The benefit of CEEMD in noise removal had demonstrated from our source estimation results. In Figure 6c, the 2D magnetic field reconstructed by CEEMD-based approach shows clear foci at right and left temporal areas. The estimated neural sources were located in the right and left superior temporal cortex (marked by blue arrows). In contrast to the estimated neural sources shown in Figure 6d, unexpected activation in 2D magnetic fields was observed (dashed ellipse). These unwanted neural activities (marked by red arrow in the coronal view of Figure 6d) deteriorated SNR of SSAEF which resulted in lower neural activities in auditory cortex (see Tables 2, 3).

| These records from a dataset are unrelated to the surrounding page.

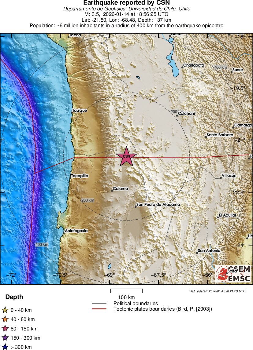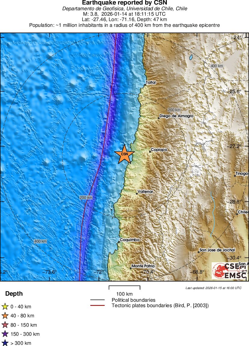 | 3.8 | 47.9 | 7132 | 19:11 | Link | Mindre jordskælv - OFFSHORE ATACAMA, CHILE - I dag |
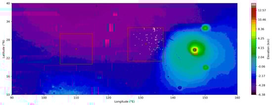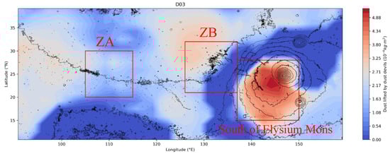 Before the landing of Zhurong, two target landing locations in southern Utopia Planitia were selected (private communication with the Chinese Academy of Space Technology), namely location A (center latitude: 25° N, longitude: 110° E), and location B (center latitude: 26.67° N, longitude: 131.67° E). Their locations are shown in Figure 1 (red stars). With locations A and B as the centers, the red boxes are set as our study regions (span ~10° in the latitude and longitude, Figure 1), and named as zone A (ZA, latitudes: 20–30° N, longitudes: 105–115° E) and zone B (ZB, latitudes: 21–32° N, longitudes: 126–137° E).
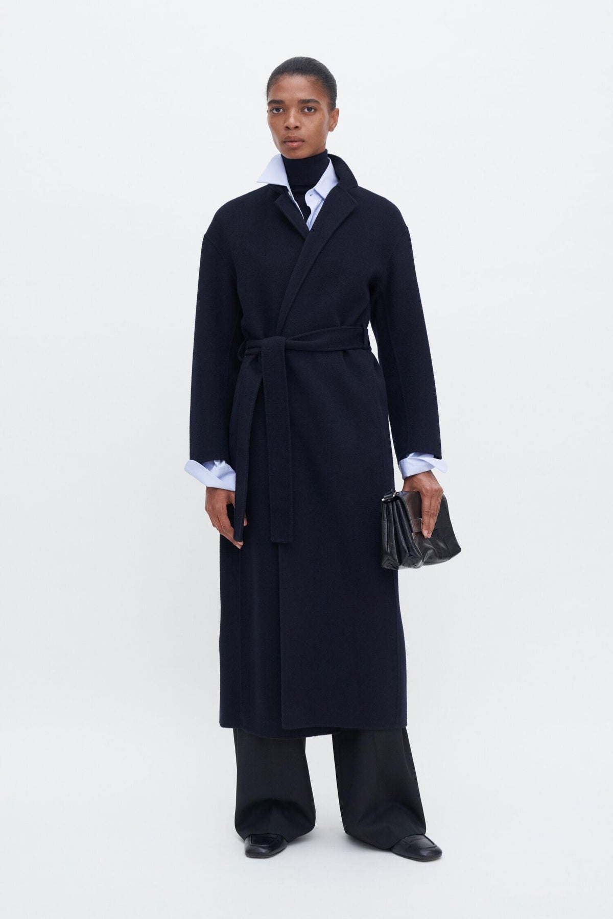Modellen har en lang og smal fasong med belte i livet, ståkrage og droppede skuldre som gir et moderne, minimalistisk uttrykk. Et perfekt valg både til jeans og t-skjorte på en lørdag, eller over en kjole til kvelden – et klassisk plagg som varer sesong etter sesong.
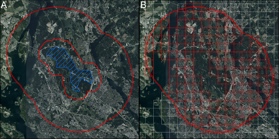 I bild A har Östra Järvafältets naturreservat (blåskrafferat) buffrats med en och fem kilometer (inre respektive yttre röd linje). Rutnätet i bild B är i 1x1 kilometer i upplösning och innehåller befolkningsdata. Befolkningsantalet i de rutor som ligger inom bufferten (röda) summeras och visar att cirka 220 000 människor bor inom fem kilometer från reservatet.

The carrier frequency of auditory stimulus in our study was below patients’ tinnitus frequencies and set at 1,000 Hz. Most of the participants, including normal subjects and tinnitus patients, had the tendency of right-hemisphere dominance (LI > 0) (see Figure 7), responding to 37 Hz steady-state auditory stimulus. The observation of right-hemisphere dominance echoed previous study in healthy subjects [16]. It might be coherent with the hypothesis [53] that the left-hemisphere auditory cortex dominantly processes fast temporal changes whereas the right-hemisphere auditory cortex dominantly processes the spectral information of the sound. Compared to previous studies [42], carrier frequencies of auditory stimuli were set at patients’ tinnitus frequencies. They found the dipole of ASSR was located contralateral to the simulation ear and was positively correlated with subject’s rating of tinnitus intensity. The difference between [16] and [21] might be owing to the carrier frequencies of the two studies were different. In this study, we intend to compare the efficacy of CEEMD-based approach in SSAEF extraction. Therefore, the carrier frequency setup was chosen at 1,000 Hz following Ross et al.’s study [16]. Since the tinnitus frequencies are usually distinct from different tinnitus individuals, the use of same carrier frequency for both healthy and tinnitus groups enables SSAEFs from the two groups can be compared.

Conclusions

The present CEEMD-based approach features an IMF spatial map creation process and a spatial template matching step for extracting SSAEF-related activities in multi-channel MEG signals. The validity of the proposed method has been examined and its superiority to conventional filtering method has been demonstrated. In this study, we utilized auditory stimulus with carrier frequency lower to patient’s tinnitus frequency and found the phenomenon of right-hemisphere dominance in both normal and tinnitus groups. The estimated neural strengths in tinnitus group were larger than those in normal group.